Gregory Rusland, fractieleider van de NPS, haalde aan dat het geen zin heeft om een wet te enforcen waarvan we weten dat er problemen komen. “Als we besluiten een jaar ruimte geven, moeten we alle voorzieningen treffen om ervoor te zorgen dat bedrijven compliant worden.” Rusland zei dat om een land verder te ontwikkelen, regels die transparantie brengen, moeten worden toegepast om de bedrijfsvoering efficiënter te maken. “Als we nu horen dat bedrijven niet ready zijn, moeten we komen tot een uitstel, waarbij wij zorgen voor een campagne vanuit de overheid om bedrijven op hun verplichtingen te wijzen. Want er wordt aangegeven, dat er geen accountants ready zijn, maar in de praktijk zien we andere dingen”, stelde Rusland.
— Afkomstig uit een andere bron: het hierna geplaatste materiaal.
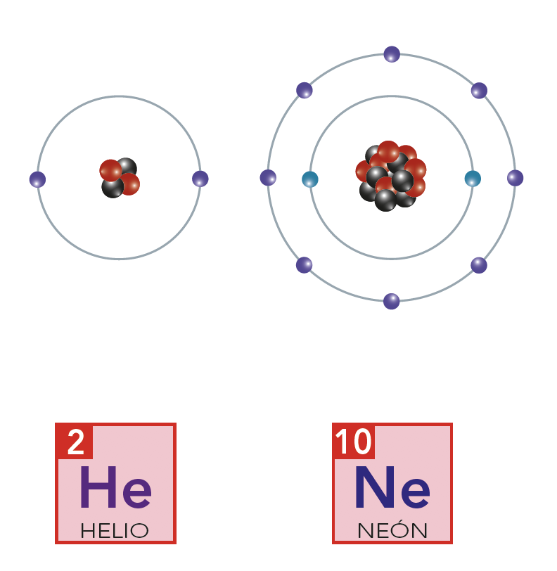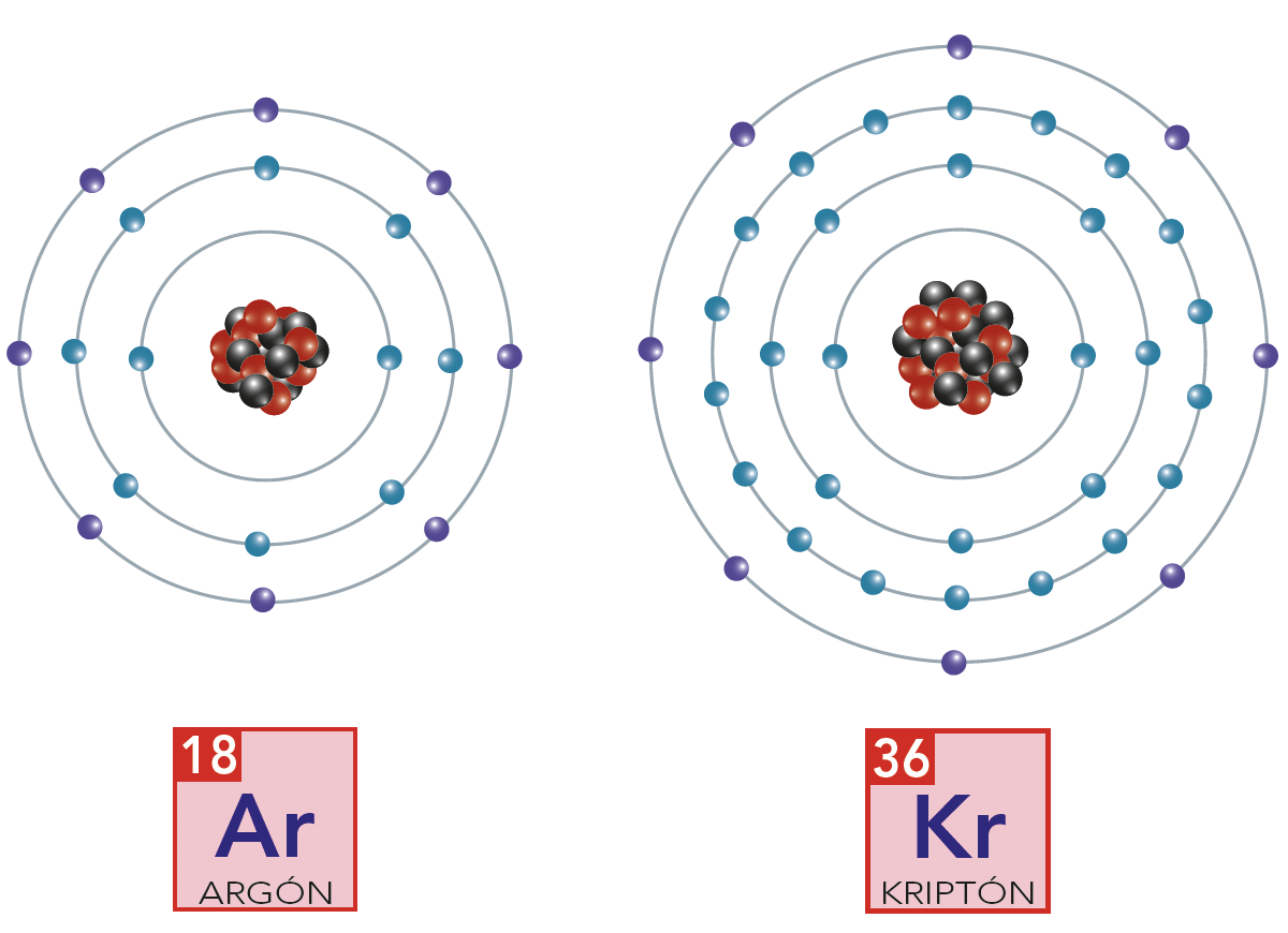 Sin embargo, el argón y el kriptón no tienen esta capa completa, aunque sí poseen ocho electrones en ella.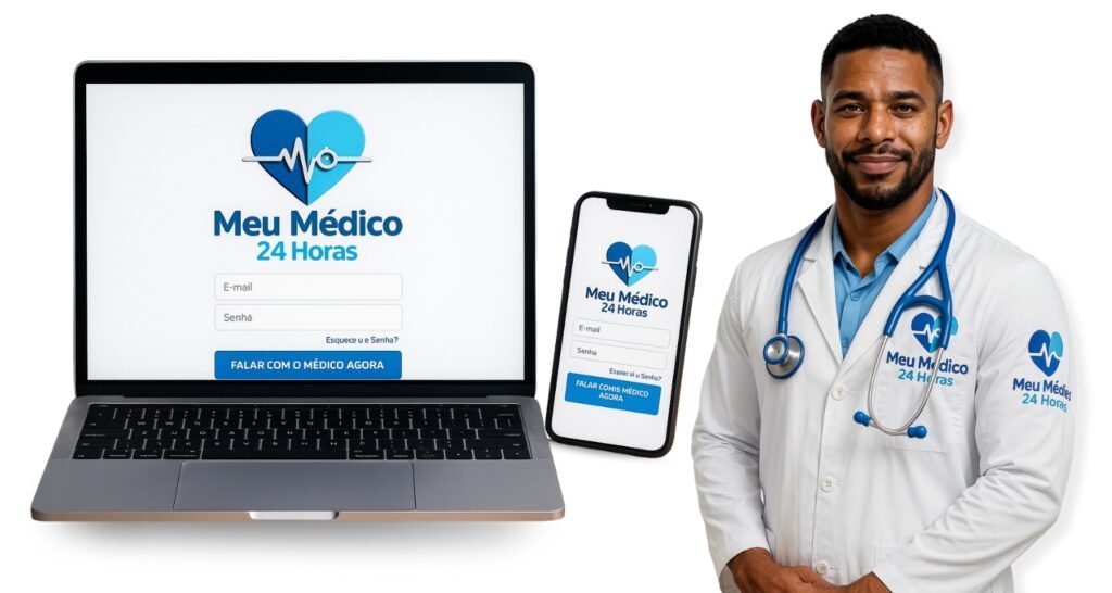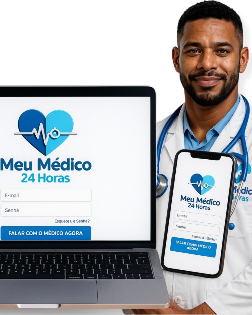 O Meu Médico 24h não é um plano de saúde, não é um cartão de descontos e não oferece atendimento presencial. O serviço é destinado exclusivamente a consultas médicas por vídeo, direcionadas a orientações de urgência e emergência de baixa complexidade, conforme permitido pela legislação vigente de Telemedicina no Brasil.

Harriet Ramdin (VHP) zei dat zij akkoord gaat met een termijn van een jaar. Het is volgens haar ook geen jaar meer, maar zes maanden. Ramdin haalde aan, dat een heleboel bedrijven meeluisteren en nu hun huiswerk maken. Volgens haar moest de campagne om bedrijven bewust te maken, veel eerder geschieden. “Als mensen het niet wisten, laten we het dan nu in DNA doen. In twee maanden kan je een strakke campagne voeren en de verslagen in orde maken. Ik sta erachter dat de verruiming gegeven wordt, want de voordelen zijn wederzijds voor bedrijven en overheid”, sprak Ramdin. Zij is geen voorstander van het toepassen van sancties op de bedrijven die hun zaken niet op orde hebben. “Laten we de kans geven tot 2022 en als ze binnen de voorgestelde tijd hun zaken niet in orde hebben, dan komen we met sancties, want dan wordt het teveel”, aldus Ramdin.